“It’s closer”: The Blur song Damon Albarn said out-Beatled Oasis
It goes without saying that Oasis were open fans of The Beatles. Looking through every one of their albums, Noel Gallagher worshipped the ground that John Lennon and Paul McCartney helped pave in their early days, and it wasn’t hard to see him working some of his biggest influences into the songs, even if it was blatant like on ‘Don’t Look Back In Anger’. But if there was one thing they had an equal passion for besides the Fab Four, it was dragging people through the mud that they thought didn’t deserve to stand by their side.
And when talking about the biggest artists of the time, Noel normally had a lot to say whenever it came to Blur. He may have started his career being fairly tame towards them before Oasis had formed, but as soon as the band started being cagey with each other about their releases, it didn’t take long for Noel’s fangs to come out, eventually spreading the vicious comment saying that he hoped that Damon Albarn would catch Aids and die.
It was a fairly brutal shot towards his adversaries, but the root of the problem had more to do with the overarching feud of Britpop. There was a unique difference between what made Albarn and Noel want to write songs. Additionally, listening to how each of them approached their craft, there was a massive class divide as well, with many being able to identify with Albarn’s odes to emotional dysfunction rather than Noel’s soaring optimism.

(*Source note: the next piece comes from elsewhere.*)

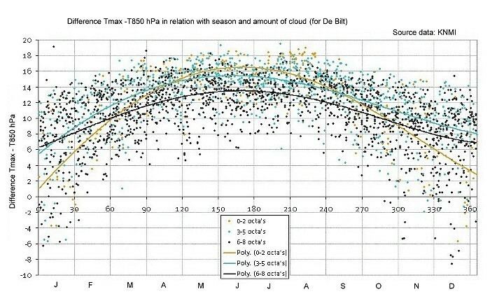 en die zegt bij onbewolkt weer 16°, bij halfbewolkt 15°. Maar deze data geldt voor De Bilt.

Oasis may have won the Britpop War by the end of the 1990s, but Albarn made sure to make it a close fight. He ultimately managed to shed his Britpop skin completely once he started working with Jamie Hewlett on Gorillaz, but after going as far as he could with his traditional sound on The Great Escape, it was time to experiment, and the band’s self-titled record was the first time fans got to see some other sides of the man.
But, really, a lot of the tunes that ended up becoming singles from the album started off as piss-takes. As much as ‘Song 2’ has become one of the band’s most enduring classics, the whole thing began life as an elongated joke to mock what grunge music was supposed to be. And while ‘Beetlebum’ did have a catchier melody, Albarn made sure that there were a few silent jabs back at Noel as well.
The song itself already sounded a bit like Oasis’ brand of Britpop, but Albarn wanted to make sure that he outdid Noel at his own game, saying, “I thought the most unfashionable thing for us to come back with was a song that sounded like The Beatles. I want Noel to listen to ‘Beetlebum’ and realise that it is… closer.” And it’s not like he didn’t have good reason for saying that, either.
Some pieces of the song could have been ripped directly out of John Lennon’s playbook during the FAB Four’s prime, but after those jabs in the press, the Gallaghers were far from resentful of Albarn. They had already conquered the world at Knebworth, and when they heard that their favourite punching bags had written a song that sounded like The Beatles, they were secretly listening to the track and calling it one of their favourite songs that Blur ever wrote.
That may have been a back-handed compliment at the time, but Noel did end up coming around to Blur, eventually performing with Gorillaz on numerous occasions, including collaborating on a track from the Humanz album, and even appearing onstage when Albarn did tunes like ‘Beetlebum’ live. The whole purpose of the tune may have been to put someone in their place, but rarely has a song that was created out of spite like this resulted in the two parties forming a friendship.